To convert your type 1 slowly changing dimension jobs to type 2 without using the Effective Date, follow the steps as described in the previous section (Converting Type 1 Slowly Changing Dimension Jobs Using the Effective Date and EFFSEQ) noting the variation in steps three, five, and eight, outlined below.

Note: The column you choose to convert your slowly changing dimension jobs is referred to generically in the steps below as: COLUMN_X.

Step 3: Adding Lookup Stages to Identify Slowly Changing Dimension Logic

COLUMN_X should not be enabled as a key in the input and output links of the hash file stage (for example, [hash file name]_SCD).

Step 5: Adding a New Hash File Stage to Refresh the Lookup Data

COLUMN_X should not be enabled as a key in the input links of the hash file stage (for example, [hash file name]_SCD).

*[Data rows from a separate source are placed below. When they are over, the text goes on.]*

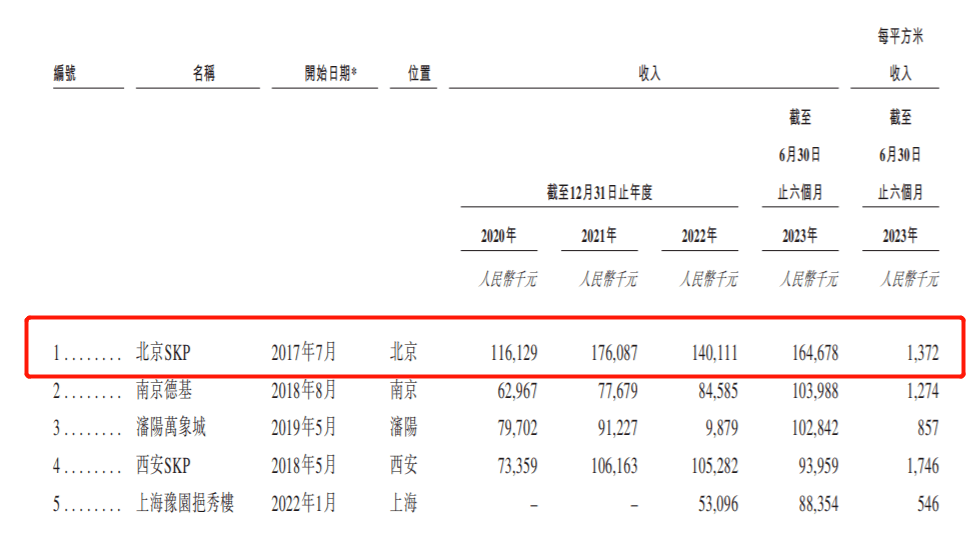 其中,北京SKP的门店收入常年排名第一,截至2023年6月末,该店收入为1.65亿元,每平方米收入137.2万元。此外,南京德基店和洛阳万象城店的收入也名列前茅。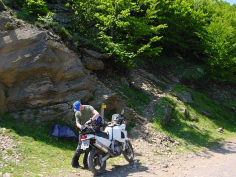 unterwegs in den Bergen in der Naehe von Argeles, Schotter bei der Hitze macht keinen Spass :\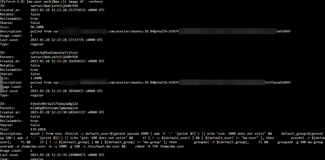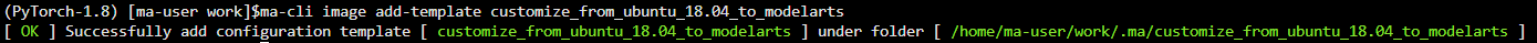 ma-cli image命令支持:查询用户已注册的镜像、查询/加载镜像构建模板、Dockerfile镜像构建、查询/清理镜像构建缓存、注册/取消注册镜像、调试镜像是否可以在Notebook中使用等。具体命令及功能可执行ma-cli image -h命令查看。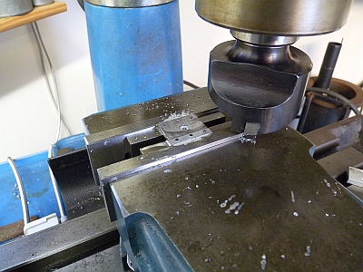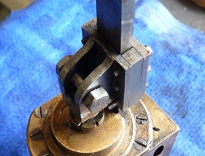 The top surface of the bottom part was badly scored and it wasn't actually parallel to the piston rod and only touched the slidebar at one end. I set it up in the mill with the piston rod resting on a parallel in the mill vice and skimmed the top surface with a fly cutter to get it flat and true again.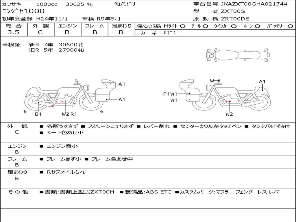 Номер рамы / VIN | JKAZXT00GHA021744 |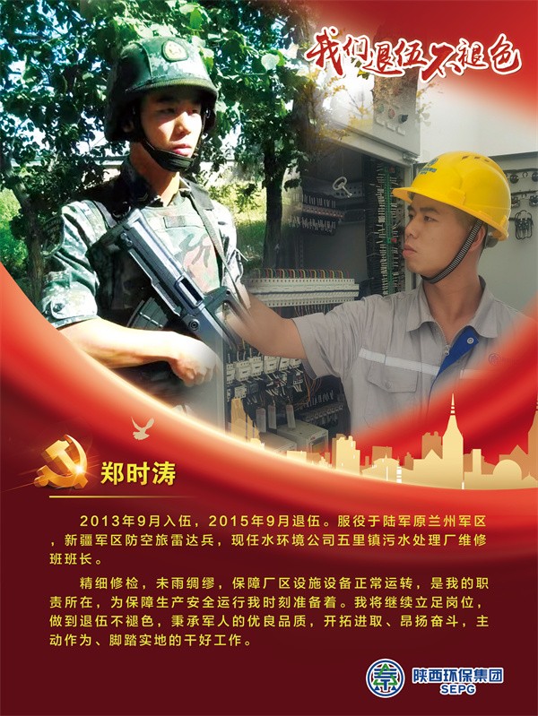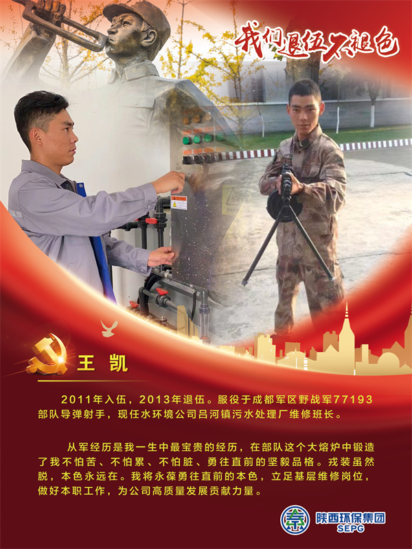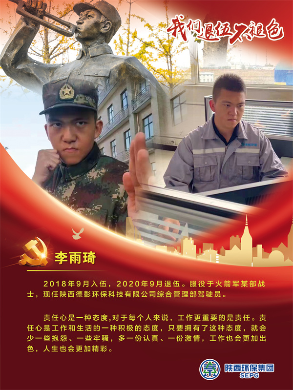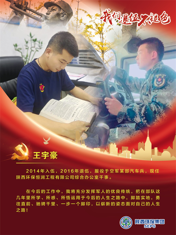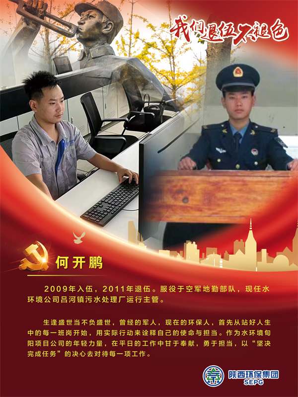 他們把青春的時光獻給軍營,揮灑青春、保家衛國,如今他們帶著軍人的一腔熱血和優良作風在陜西環保集團守護全省藍天、碧水、凈土的“保衛戰”里續寫輝煌,制服的顏色變了,但為民的初心永不褪色。戎裝在身,他們保家衛國;退役歸來,他們堅守崗位,用實際行動證明著退役不退志,退伍不退色。在第95個建軍節之際,陜西環保集團融媒體平臺用一張張海報向“老兵”致敬。

Step 8: Adding Stage Variables to Perform Slowly Changing Dimension Logic

Add a new SCDFlag stage variable to the transformer, using the following expression:

If NOT(<SCD_LOOKUP_LINK_NAME>.NOTFOUND) AND <INPUT_LINK_NAME>.<COLUMN_X> <> <SCD_LOOKUP_LINK_NAME>.<COLUMN_X> Then 'Y' Else 'N'

Converting a Hash File Lookup to a Dynamic DRS Lookup in the Related Fact Table Job

The following steps are required to convert a hash file lookup to a dynamic DRS lookup:

  1. In IBM WebSphere DataStage Designer, navigate to the fact job containing the hash file lookup by expanding the nodes in the left navigation panel; then open the job.

  2. Locate the hash file lookup within the job.

  3. If the hash file is populated in a separate job (for example, initial hash loading job or the job which loads the dimension), replace the existing hash file stage with the DRS Stage.

    If your hash file is populated by the DRS stage in the same job, delete the DRS stage (including the link) and replace the hash file stage with a DRS stage.

  4. Open the DRS stage for editing.

  5. In the Stage tab, select the General sub-tab and specify the database connection parameters.

  6. In the Output tab, select the General sub-tab and specify the corresponding table name (the table name should always include the schema name as its prefix).

    Specify the appropriate job parameter for array size and change query type to User-defined SQL query.

  7. Select the Columns sub-tab and specify parameters for EFF_START_DT and EFF_END_DT.

  8. In the SQL, User-Defined sub-tabs, input your user-defined query.

    For example,

    SELECT
    INSTITUTION_SID,
    LTRIM(RTRIM(INSTITUTION_CD)),
    %DateTimeOut(EFF_START_DT),
    %DateTimeOut(EFF_END_DT),
    LTRIM(RTRIM(SRC_SYS_ID)),
    LTRIM(RTRIM(INSTITUTION_SD)),
    LTRIM(RTRIM(INSTITUTION_LD))
    FROM #$MDW_SCHEMA#PS_D_INSTITUTION
    WHERE
    INSTITUTION_CD=?
    AND EFF_START_DT<= %DateTimeIn(?)
    AND EFF_END_DT >= %DateTimeIn(?)
    AND SRC_SYS_ID =?
    

    Note: All the columns specified in the selection criteria of the SQL user defined query should match the columns defined in the Columns sub-tab; the same is true of column order. Also, those columns defined as keys must be used in the WHERE clause and their order must match the order defined in the Columns sub-tab.